Она провинилась очень сильно, пытаясь вылечить Людо Кресша.
Тильден доложил, что они снова провели день вместе. Впрочем, шпионов у нее было достаточно и без Тильдена. Корсин с кеширской женщиной гуляли дорогами, проложенными в склонах, когда-то ставших для них роковыми. И говорили… о чем? Беседы их проходили мирно, насколько она знала.
Эти прогулки и роман Корсина с Сиелах начались примерно в одно время. Тогда Адари Вааль действительно была необходима. Ведь именно она первая наткнулась на ситхов и стала чем-то вроде посредника между ними и кешири. Но годы шли, нужда в посреднике давно отпала, а прогулки продолжались. После рождения Ниды — их с Корсином дочери — эти прогулки вообще стали ежедневными; они даже, время от времени, вместе летали на уваках.
Ее информаторы были достаточно компетентны и надежны, она точно знала, что Корсин ей не изменяет — впрочем, измена расстроила бы ее не сильно — но туземка в последнее время пыталась прихорашиваться. Она даже нанесла на лицо затейливый узор вор’шанди — украшение, немыслимое для кеширской вдовы наездника уваков. Но, как подтвердили шпионы Сиелах, содержание бесед осталось столь же бессмысленным.

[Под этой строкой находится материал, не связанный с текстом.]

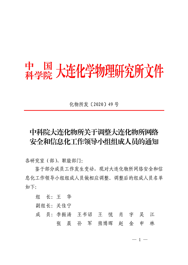 中科院大连化物所关于调整大连化物所网络安全和信息化工作领导小组组成人员的通知

Где прячется солнце ночью, Корсин? Воздух — часть Силы, Корсин? Почему скалы несъедобны, Корсин?
Если Вааль и была шпионом, то пользы от нее в этом качестве не было. Только вот Великий Лорд посвящал ей массу своего времени. И даже больше.
— Она… действительно нечто, правда? — сорвалось однажды у Корсина с языка. Был вечер, и Адари только что улетела.
— Я думаю, что твои требования к качеству игрушек упали, — фыркнула Сиелах.
— Как и мой корабль.
Как и мой настоящий муж. Этого она, конечно, вслух не произнесла. Почему-то сейчас, за стенами дворца, ей вспомнился тот случай. Пятнадцать лет она живет с ненавистным ей деверем. Пятнадцать лет она живет с человеком, который осиротил ее сына. Вот и пусть занимается своей фиолетовой каргой, подумала Сиелах. Чем меньше Яру Корсин появляется на людях, тем лучше.
Корсин затащил Сиелах в постель, едва она намекнула ему, что не намерена его убивать. Эти отношения были выгодны обоим. Она помогла ему управиться со своенравными шахтерами, занимавшимися переноской корабля; и, вероятно, ему был приятен сам факт обладания тем, что когда-то принадлежало нелюбимому брату. Она разрешила Корсину считать, что эти отношения целиком и полностью его идея. Правда молчание в первый год их брака стоило ей искусанных в кровь губ.
Но оно того действительно стоило. Сиелах получила власть и влияние, предоставляющие широкие возможности — и удобный душ был лишь приятным бонусом к ним. Маленький Джериад рос в самых лучших на этой дикой планете условиях — и в Тахв, и, позже, здесь, в их горной крепости.
И у нее было дело. Обустройство ситхами больничных Палат казалось никчемной синекурой для избалованных людей, особенно на фоне крепкого здоровья кешири. Мало кто хотел этим заниматься, ведь медицина — не война, и она вряд ли способна помочь им улететь отсюда. А пострадавшие ситхи все равно редко добирались до целителей живыми.
Зато Сиелах знала все о живущих на Кеше ситхах. О любом из них она знала даже больше, чем ответственные за них офицеры. Она знала кто, когда и у кого родился, и, соответственно, каков баланс сил. Больше никто не обращал на это внимание. Все смотрели в небо, все еще надеясь. Только Корсин, казалось, понимал, что выхода нет. Впрочем, он старательно создавал иллюзию прямо противоположного — для всех, кроме Сиелах. Почему она удостоилась его доверия в этом вопросе, было неясно.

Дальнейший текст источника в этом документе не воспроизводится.